Data block:
[Start of section]
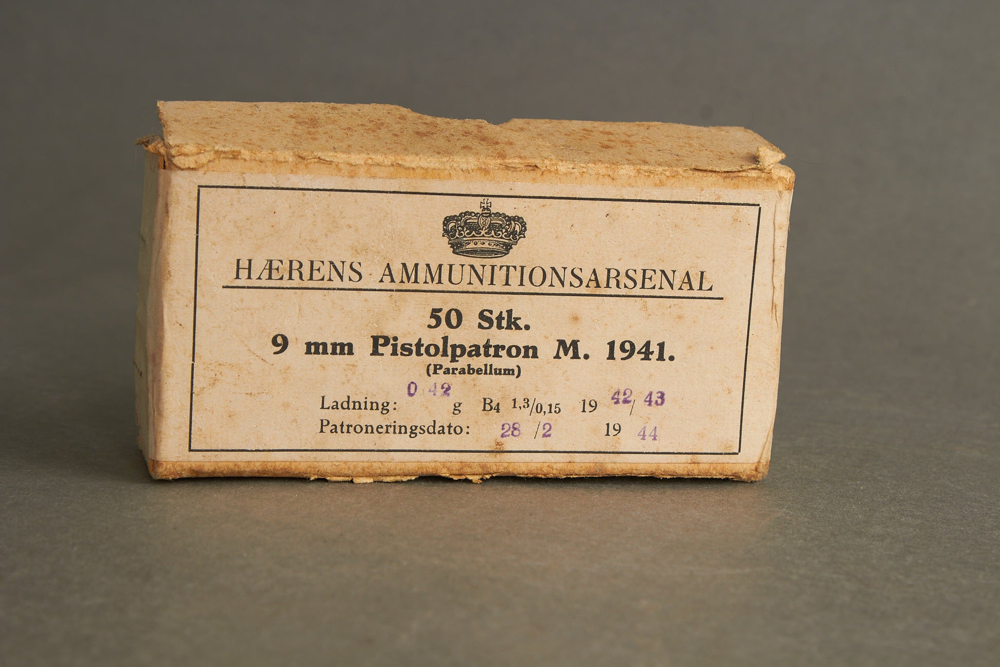 WW2 Dansk "9mm Parabellum" Patronæske. Fra 1944, typisk produceret til tyskerne. Original.
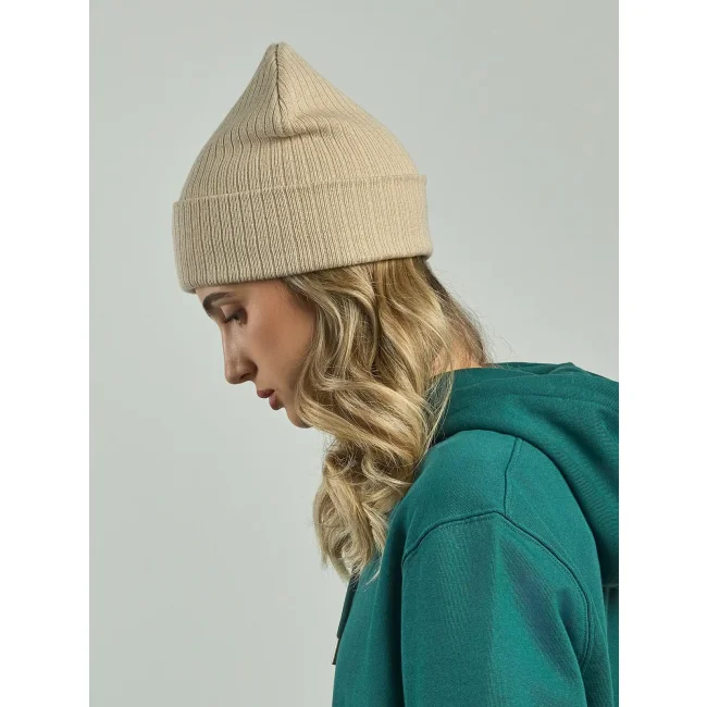 Berretta in acrilico a doppio strato, realizzata in 100% poliestere riciclato certificato. Include un'etichetta removibile, permettendo una facile personalizzazione. La composizione è in fase di aggiornamento per ridurre l'impatto ambientale.
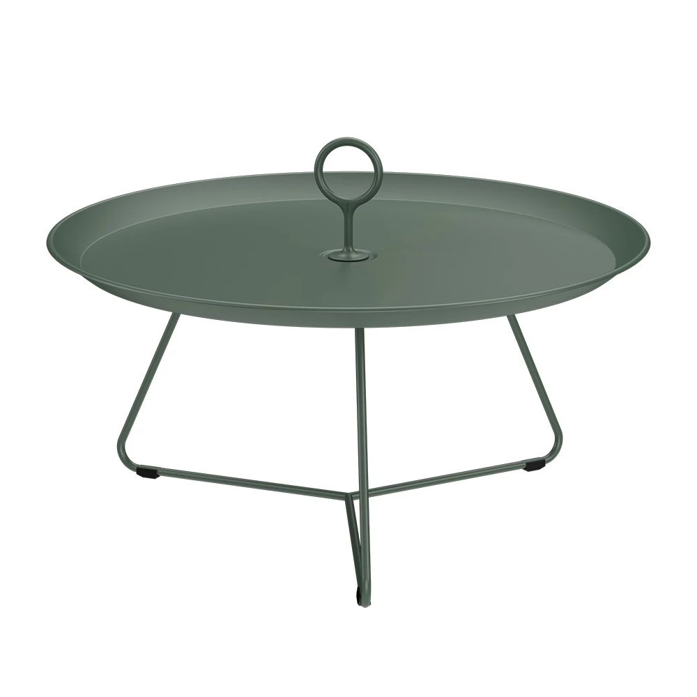 Entdecken Sie den EYELET Tray Tisch Ø70 in der attraktiven Farbe Kieferngrün! Dieser wunderschöne Beistelltisch ist nicht nur ein Blickfang, sondern auch äußerst praktisch. Mit einer Tischplatte aus Aluminium, einem Griff aus Aluminium und einem Rahmen aus Stahl ist er robust und langlebig.
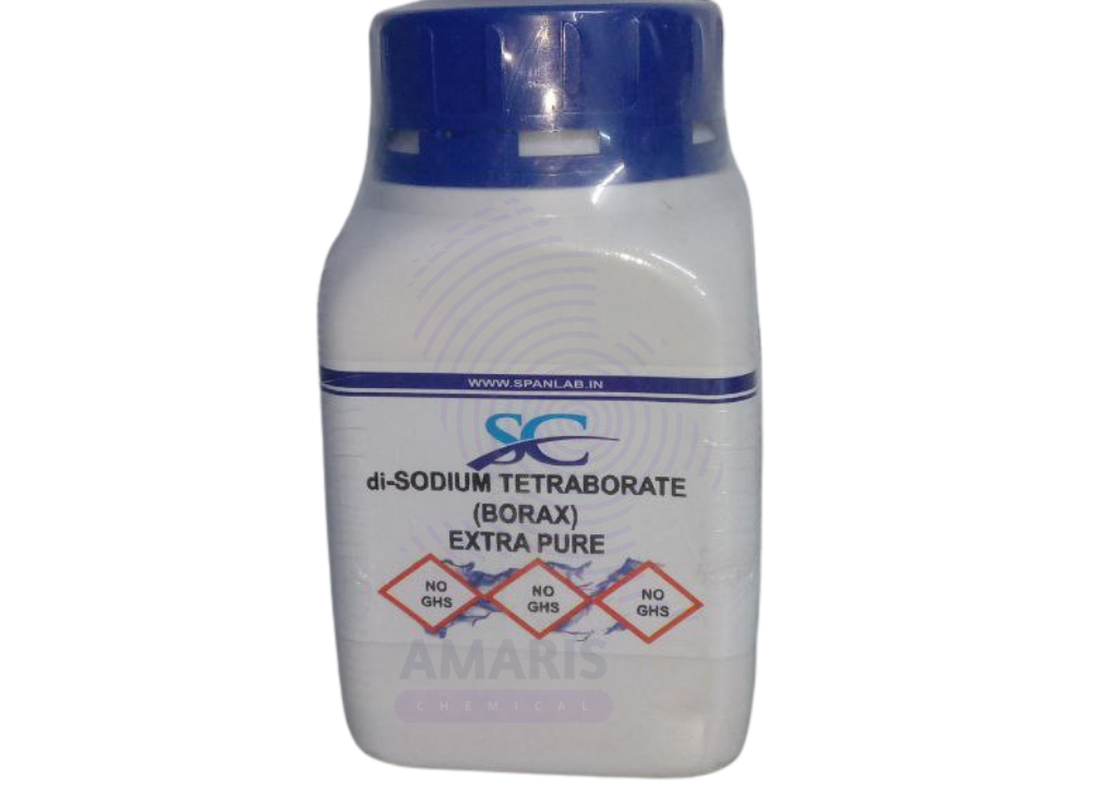 Di-sodium Tetraborate Borax Extra Pure is a high-purity boron compound widely used in laboratory applications for its buffering, emulsifying, and fluxing properties. In analytical chemistry, it serves as a reagent in qualitative and quantitative analysis, particularly in flame tests and as a flux in the preparation of glass beads for spectroscopy. Its buffering capacity is valuable in maintaining pH stability in various solutions, while its detergent-like action supports cleaning and sample preparation. This extra pure grade ensures minimal contaminants, making it ideal for precision work in research, teaching, and industrial laboratories. Store in a cool, dry environment in a well-sealed container.
[End of section]
Exercise objective: Write out the whole listing exactly, with no pictures.

Output for this task:
 WW2 Dansk "9mm Parabellum" Patronæske. Fra 1944, typisk produceret til tyskerne. Original.
 Berretta in acrilico a doppio strato, realizzata in 100% poliestere riciclato certificato. Include un'etichetta removibile, permettendo una facile personalizzazione. La composizione è in fase di aggiornamento per ridurre l'impatto ambientale.
 Entdecken Sie den EYELET Tray Tisch Ø70 in der attraktiven Farbe Kieferngrün! Dieser wunderschöne Beistelltisch ist nicht nur ein Blickfang, sondern auch äußerst praktisch. Mit einer Tischplatte aus Aluminium, einem Griff aus Aluminium und einem Rahmen aus Stahl ist er robust und langlebig.
 Di-sodium Tetraborate Borax Extra Pure is a high-purity boron compound widely used in laboratory applications for its buffering, emulsifying, and fluxing properties. In analytical chemistry, it serves as a reagent in qualitative and quantitative analysis, particularly in flame tests and as a flux in the preparation of glass beads for spectroscopy. Its buffering capacity is valuable in maintaining pH stability in various solutions, while its detergent-like action supports cleaning and sample preparation. This extra pure grade ensures minimal contaminants, making it ideal for precision work in research, teaching, and industrial laboratories. Store in a cool, dry environment in a well-sealed container.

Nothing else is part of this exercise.